Once the consultancy has completed its task, the client will then use its own design teams or NCR Financial Solutions’ Design Centre to implement the changes.

Charlie Rohan, NCR’s head of design, takes up the story. “Banks are adopting techniques and customer service behaviours used in other marketplaces,” he says. For example, they are using the ‘assisted model’ pioneered by airlines with their self-check-ins (where airline staff help passengers to use automated check-in facilities) and by supermarkets with their self-check-outs (where staff help shoppers to use machines to scan and pay for their groceries).

“Banks still tend to be full service or self service, but the assisted model is being used more, with meeters-and-greeters and other staff on hand to help customers use new self-service terminals to make deposits and other automated transactions,” says Mr Rohan.

This focus on branch effectiveness and self-service is at the core of what NCR has done for MultiBank and Garanti Bank. “We completed two Garanti branches in Istanbul in December, one in Taksim Square and the other in an upmarket shopping mall,” says Mr Rohan. “A third is on the drawing board for Ankara.”

The Garanti branches look more like clothes shops than banks. They are designed for locations where there are masses of shoppers, to compete with other shops and to get people through the doors. “We use ideas borrowed from retailers – the frontages are fully glazed, the windows don’t have blinds or posters on them so you can see what you are buying and there are almost no obstacles inside. We use a back-projection system to create a multi-media image in large format on one window.”

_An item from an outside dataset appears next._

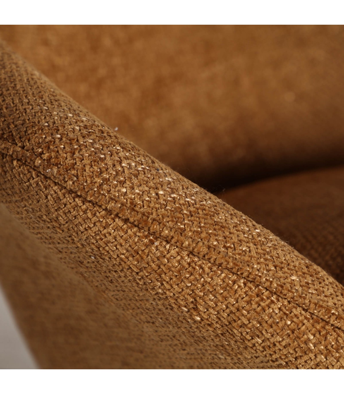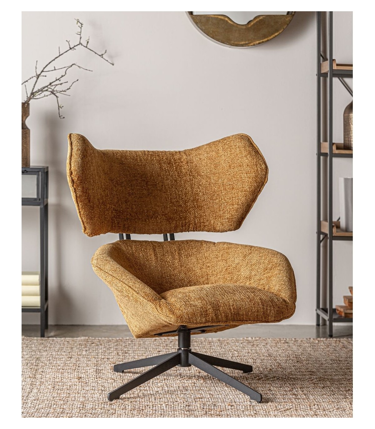 El sillón giratorio en color mostaza es una maravillosa pieza de estilo art decó que aportará elegancia y versatilidad a tu hogar, es una elección excepcional para tu espacio. Fabricado en suave chenilla y combinado con detalles de hierro en la parte inferior, este sillón es una combinación de comodidad y estilo. El color mostaza es sinónimo de carácter, lo que lo convierte en una elección acertada para cualquier habitación.
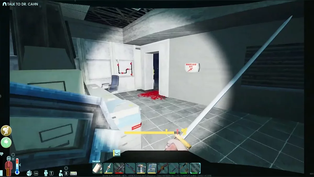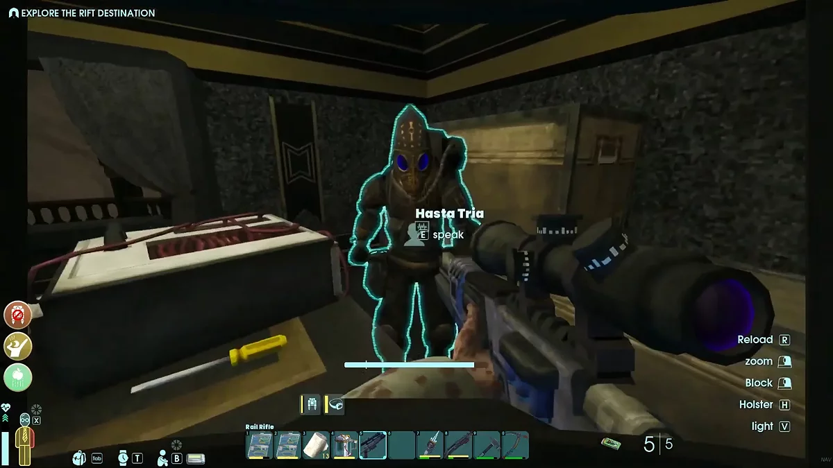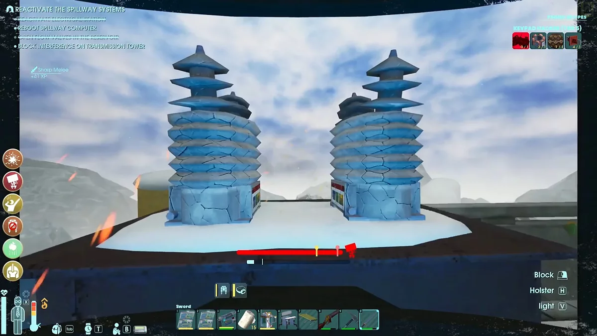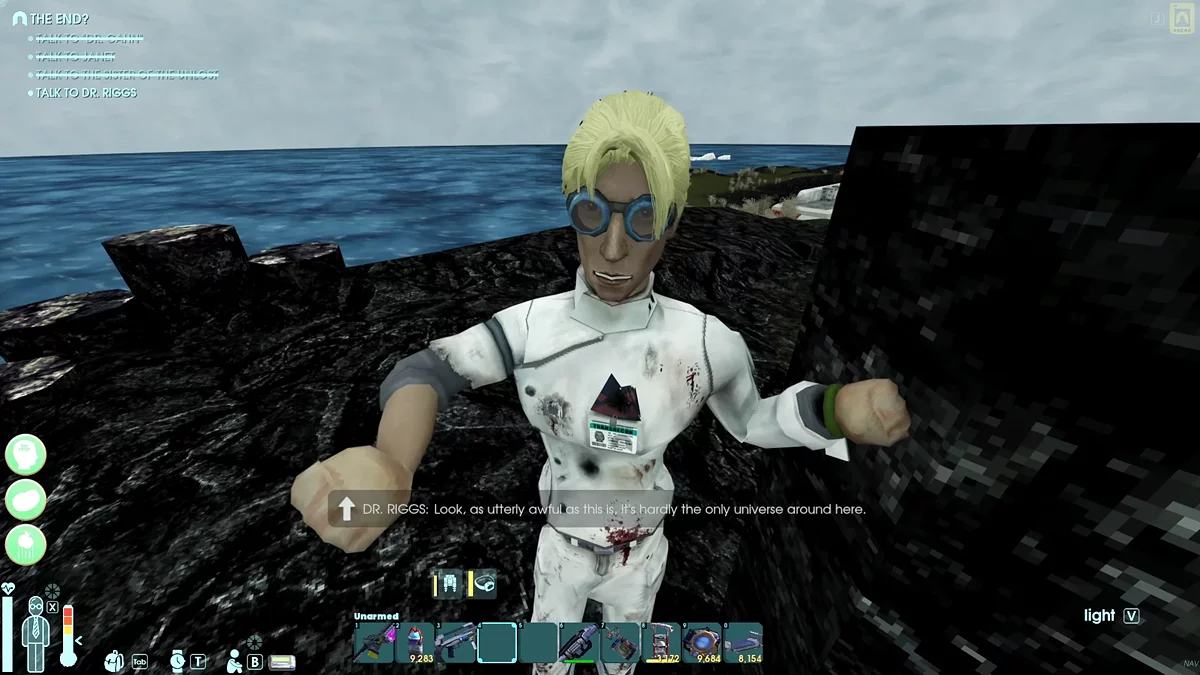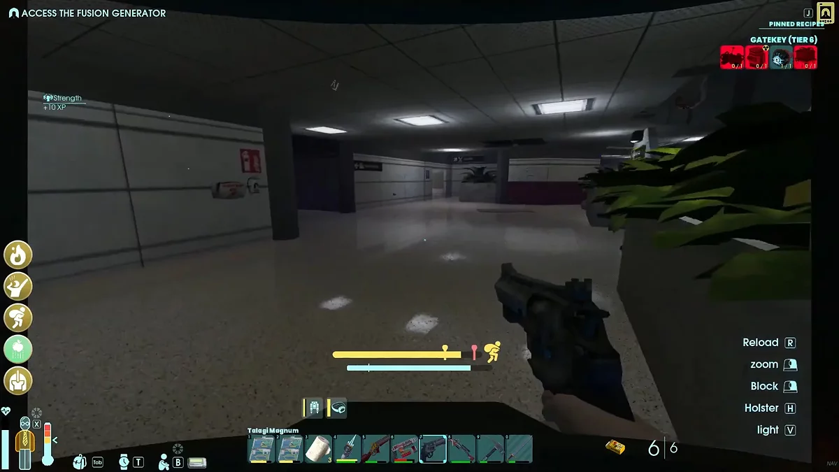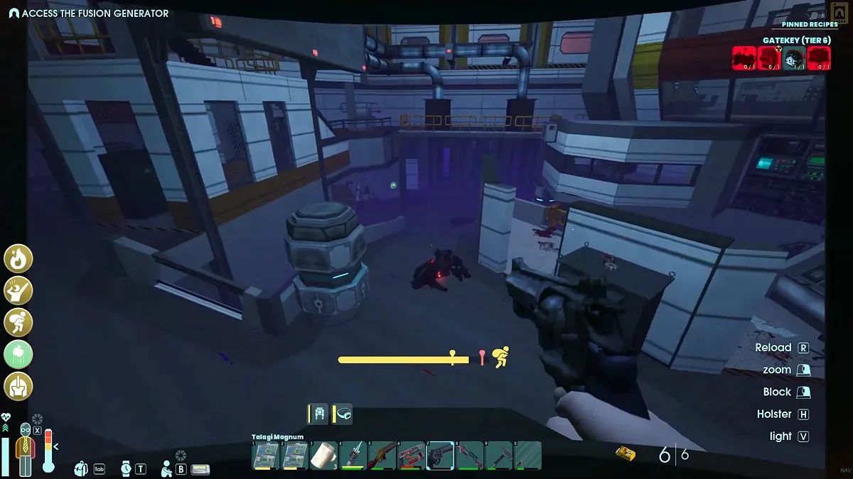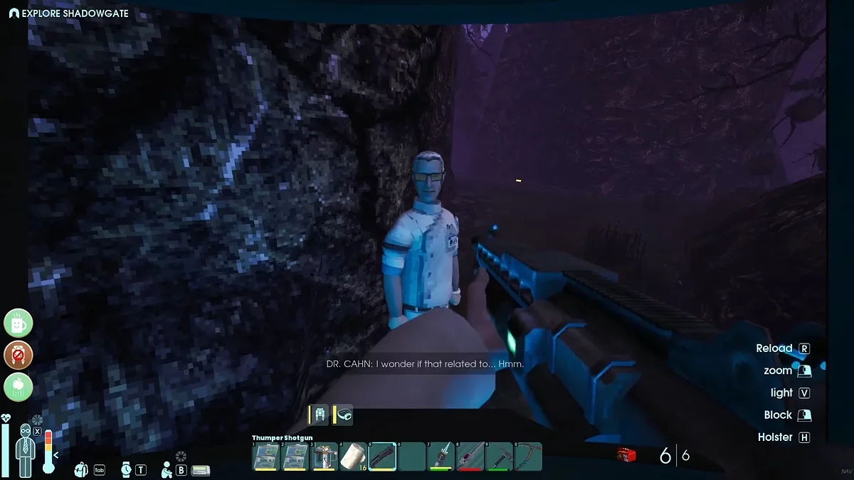 Снаружи вас ждет доктор Джагер. Чтобы попасть к нему, необходимо изготовить энергоблок и вставить его в отсек справа от дверей. Для этого надо предварительно поставить верстак где-нибудь неподалеку.

Once inside the new Garanti branches, the emphasis is on making transactions easy. The self-service terminals inside (which can take cash for deposit or making payments) are open 24 hours a day, with screens to close off the teller areas.

Retailers selling financial services

Any study of retailers in banking has to look at retailers that are selling their own-brand financial services. Tesco Personal Finance, Sainsbury’s Bank, Marks & Spencer Money and Virgin Money are just some of the best-known in the UK. Every major country has its equivalents.

Marks & Spencer Money is an unusual case. HSBC bought it outright from M&S in November last year for about £700m. Yet it is jointly managed, the name stays the same, its main distribution channel is the M&S stores, and the profits will be shared 50-50 for 10 years.

That is an example in extremis of a bank that is so enamoured of the power of retail in financial services that it did not just ‘think shop’, it bought the shop. Yet the balance has to be right, it still needs bankers – which is why the top team at M&S Money are bankers: Brendan Cook, chief executive, was formerly in charge of HSBC’s group cards business; David MacKay, commercial director, moved over from HSBC in May; and Eddie Nott, chief operating officer, used to work for GE Capital.

Michael Geoghegan, HSBC’s chief executive, says: “Combining our expertise in banking with Marks & Spencer’s prestige and experience in retailing will create an exciting new force in UK financial services.”

This nicely illustrates the point that the best retailing banking models today have to use a combination of techniques, principles and people from both retail and banking. One set without the other set will not work.